Pierre Niney plays Saint Laurent in the film. The 26-year-old actor says, "That's the most fascinating thing about that character, the fact that in the worst moment of desperation and unhappiness and pain, he always managed to create new things — masterpieces, actually."

To Niney and Lespert, Yves Saint Laurent's efforts are heroic and, as with many tormented artists, therapeutic.

"He was such a sensitive human being that it was painful to live, for him, everyday life," Niney says. "And the only getaway he found — and he found it really young, at maybe 15 or 16 — was to draw and to create."

'He Needed Pierre Berge,' And Berge 'Needed To Be Needed'

When Saint Laurent met and fell in love with Berge in the late '50s, they quite deliberately defined the roles they would play for the next 40 years. Saint Laurent was the artist; Berge was the ultimate manager-fixer who smoothed the way and kept the operation moving.

"Yves Saint Laurent couldn't deal with daily things, daily problems," Niney says. "He was really unable and handicapped, almost, with that. So he needed Pierre Berge, the businessman, dealing with money. And Pierre Berge, he needed to be needed."

Jalil Lespert agrees: "Pierre [Berge] is a mix of someone who [needs] to control — he's a kind of control freak — and also is very generous. He [needs] to help the one that he [loves]. He will do everything for him."

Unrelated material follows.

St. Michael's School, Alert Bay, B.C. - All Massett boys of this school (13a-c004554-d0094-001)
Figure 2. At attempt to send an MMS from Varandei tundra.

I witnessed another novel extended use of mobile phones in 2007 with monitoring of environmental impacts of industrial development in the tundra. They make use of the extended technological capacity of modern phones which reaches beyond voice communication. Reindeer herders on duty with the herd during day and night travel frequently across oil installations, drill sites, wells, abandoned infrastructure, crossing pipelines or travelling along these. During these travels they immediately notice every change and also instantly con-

Including either staying out of the way or, conversely, getting out in front, when it was appropriate. In the movie, it's Berge who steps out of the limos first.

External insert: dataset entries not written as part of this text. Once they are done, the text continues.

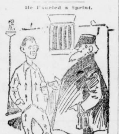
He Fainted a Sprint.

Pretty For Co. A summer resident in a New Hampshire village, a lady who, in Horace Walpole's phrase, "sits at the top of the world," was making her first friendly call of the season upon the family of an old widower.
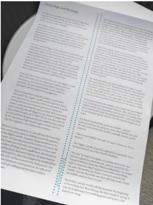
part(y)ings and meetings, 2026 inkjet print, A3
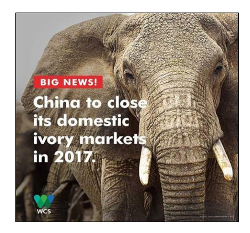
Figure 8 : China is to phase out domestic elephant ivory trade by the end of 2017
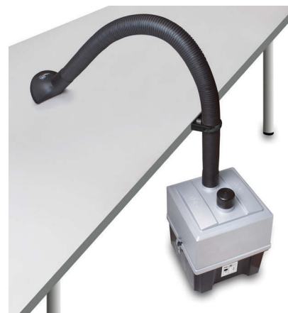
> Zero Smog EL unit
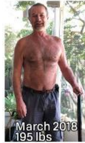
March 2018 195 lbs "Vanity Found" Age 68

Defending vanity see page 1 Apology to vegans page 3
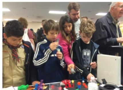
Many enthusiastic children stopped by our table.
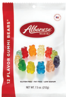
12 FLAVOR GUMMI BEARS™ ITEM #53348 12/7.5 oz. (212g)

"He was always in front because it was Yves who was behind him in the car, like a prince or a king," Lespert says. "The king was absolutely the creator, and the creator was Yves."

The film director says this hierarchy was always apparent. Take, for instance, the home the men shared in Morocco: "The big bedroom in front of the garden — beautiful — it was the bedroom of Yves. And Pierre's bedroom was the small one behind it. I mean, the genius was Yves. All the ideas, all the creation — it was Yves."

The tale of Yves Saint Laurent and Pierre Berge is a tumultuous, passionate, complex, decadent, drug-laced love story. They separated as lovers in 1976, but they remained friends and business partners. Saint Laurent died in 2008, but Berge is still keeper of the flame. He was even an adviser on the film.

The movie has gotten mixed reviews so far — too much fashion, too much froufrou — but the fabrics are visual feasts. And you can enjoy them in your jeans, with popcorn.